Well, a couple small things. We still have Jack Hyde, Ana's new boss, whom we've been told quite clearly is a villain, despite the fact that EL has not yet shown him doing any villain stuff. So I guess we have to wait around for him to do villain stuff. And also we have the "situation" from the end of the last book. For those not yet initiated, we know very little about the situation, other than the fact that it took place in Seattle, it bothered CG very much, and it involved a woman somehow whom CG's goons were trying to keep track of. So maybe we'll learn some more about these two elements.

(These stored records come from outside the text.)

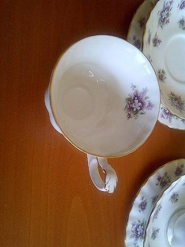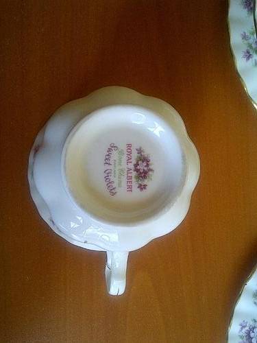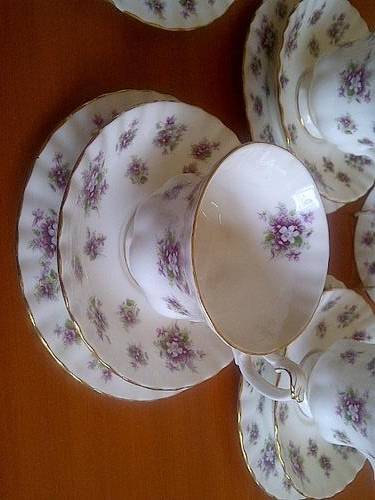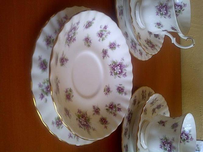 Up for your consideration is this gorgeous 16 piece "Sweet Violets" Royal Albert tea set in immaculate condition. The set consists of 5 trios and a spare sideplate all depicting the sweet violets theme, a white background with sweet violets in hues of purple and green foliage, with gold gilt work on the rims and edges. The set has been lovingly cared for and has no cracks, chips or crazing to any of the pieces.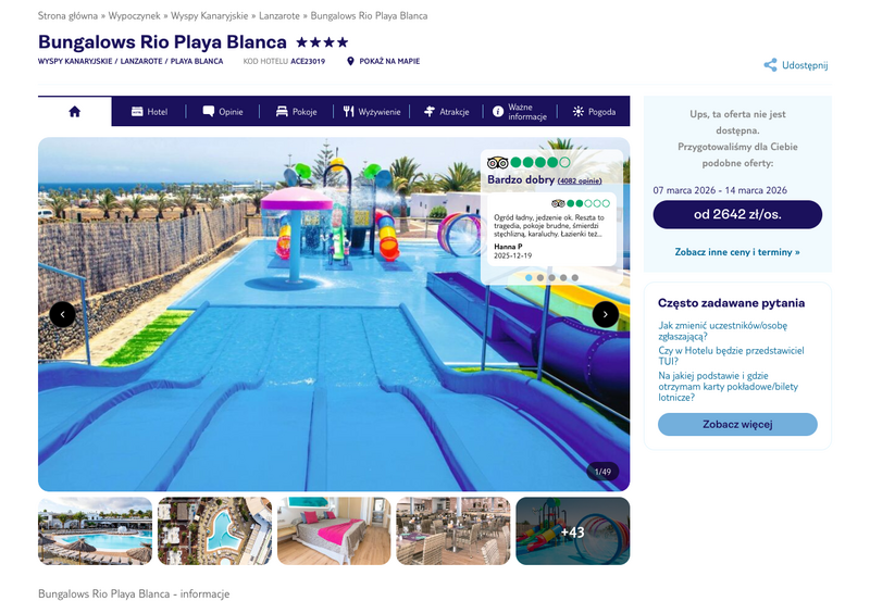 Niedostępność oferty została udokumentowana zrzutem ekranu.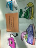 Ну, и как положено на дне рождении, именник получил подарки. Ребята нарисовали отличные утюги, организовав выставку.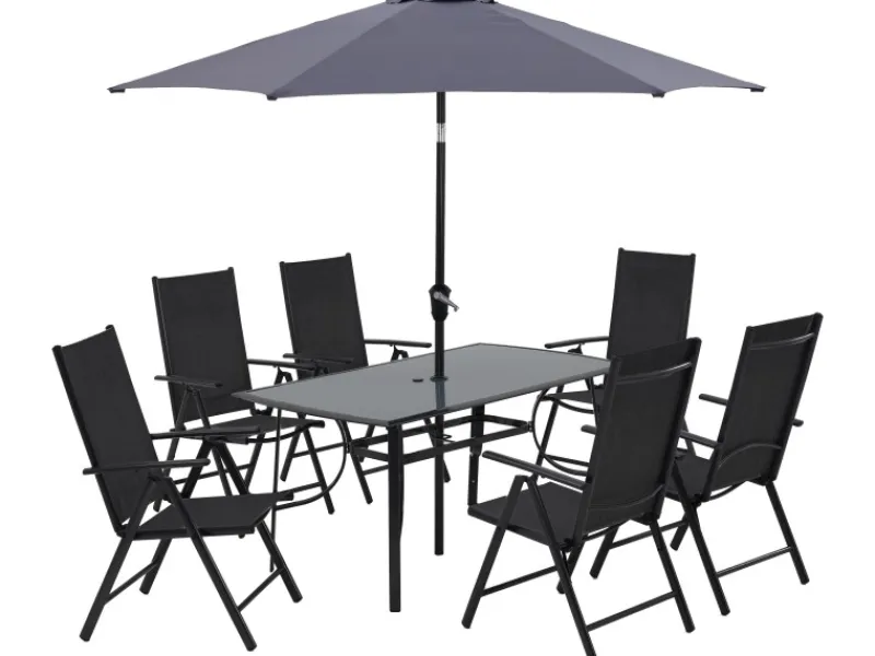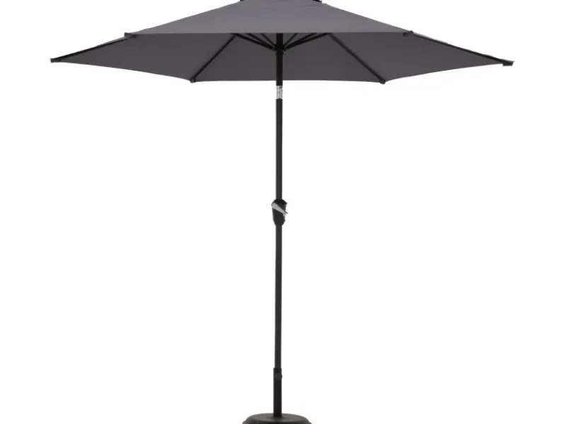 Stilvolles Design mit grauer Bespannung und inklusive Sonnenschirm

Doesn't say much for this thing as a trilogy though, does it? We have this primary conflict between Ana and Christian that's basically resolved. And the secondary conflicts, at least so far, have nothing to do with Ana and Christian's relationship. Jack Hyde is just a shitty guy who does villain stuff for his own reasons, we will eventually learn. And the "situation" is really just a skeleton from CG's closet and has very little to do with Ana, as we will also eventually learn.

But, I suppose we can keep reading, on account of EL's scintillating prose.